On appeal, this court expressly stated that its ruling was predicated on
the particular ‘‘circumstances of this case . . . .’’ Id., 456. This court empha-
sized that the trial court ‘‘did not expressly charge the jury that it must
answer all of the interrogatories in the affirmative in order to find for the
plaintiff. This failure further evidences the jury’s unawareness or confusion
regarding the relationship between the interrogatories and the verdict.’’ Id.,
453 n.5. The trial court’s failure to so instruct the jury, coupled with the
remedial mandate of General Statutes § 52-223, led this court to observe
that ‘‘considering the fact that the trial court had not specifically instructed
the jury that it needed to answer all of the interrogatories in the affirmative
in order to return a plaintiff’s verdict, caution dictated that the jury be so
instructed and given an opportunity to make its verdict clear’’ before the
court directed a verdict in favor of the defendant.
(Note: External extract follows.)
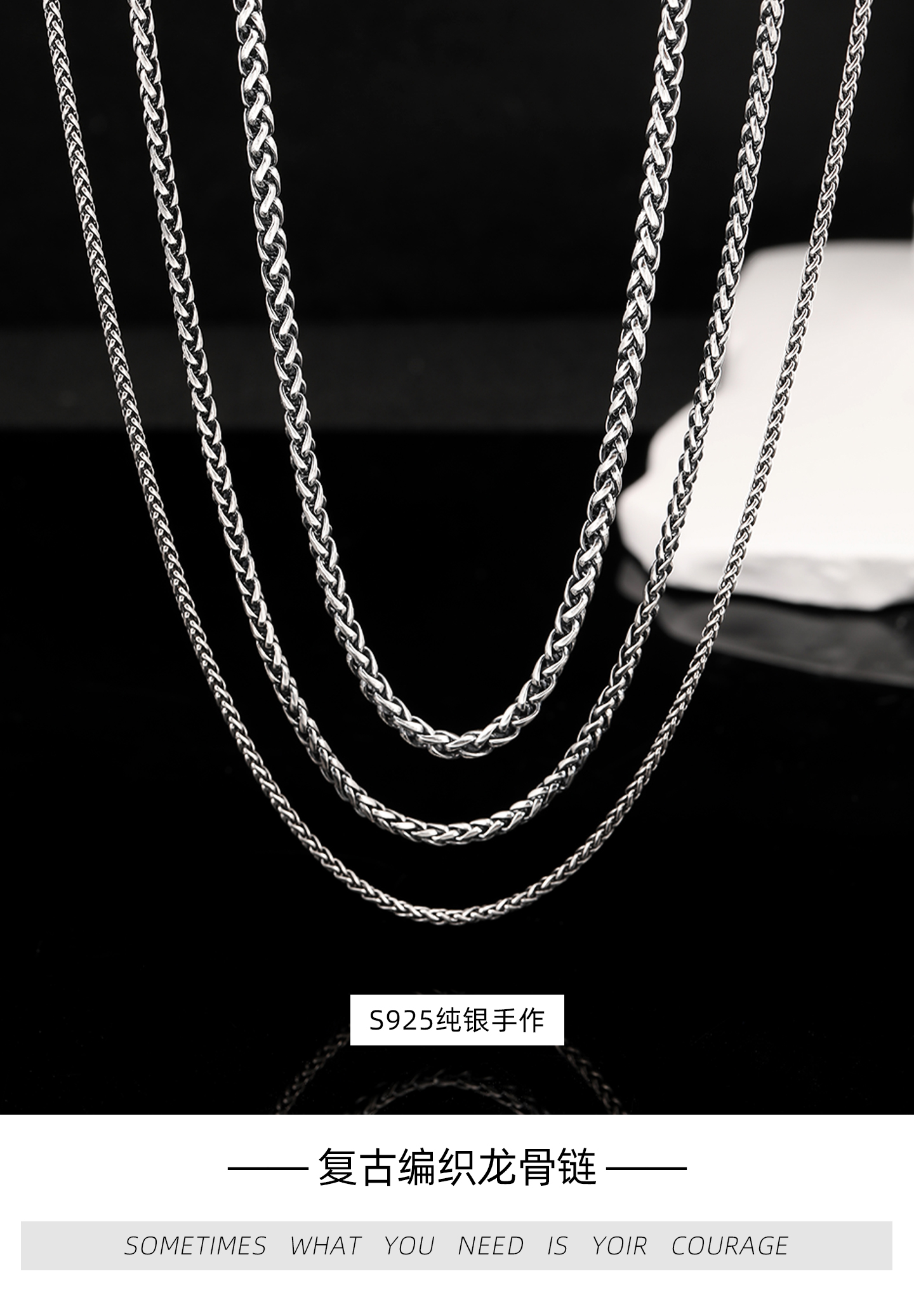 Men's Single-Layer Thick Necklace, Heavy-Duty 4mm Dragon Bone Chain, All-Over 925 Sterling Silver, Vintage Distressed Chopard Chain, Bare Chain, Plain Chain
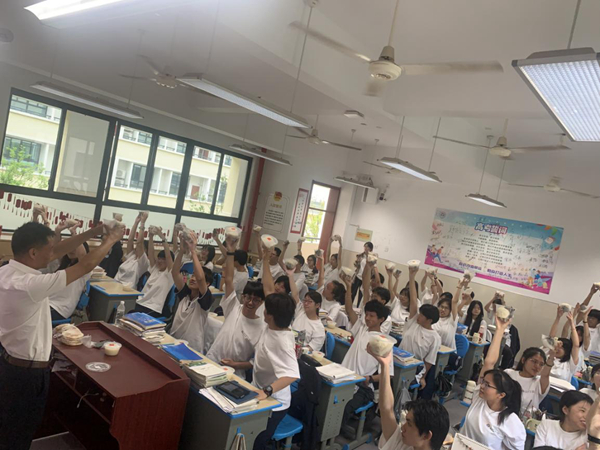 “左手是糕,右手是粽。高舉糕粽,我們‘高中’?!闭憬♂橹堇砉W校高三(1)學生吳曉蝶收到一份特殊的祝福很是開心,滿臉笑容地說,“之前看到學哥學姐收到這樣的祝福,心生羨慕之情,轉眼就輪到自己了,學校很用心、很暖心,我們很有信心?!?/p>

Id., 455.
In the present case, by contrast, there is no claim that the jury’s responses
to the interrogatories are inconsistent with the verdict that it returned in
favor of the defendant. Furthermore, the plaintiff has never claimed any
impropriety in the instructions furnished by the trial court and has not
briefed such a claim in this appeal. Bilodeau, therefore, has little relevance
to the present case.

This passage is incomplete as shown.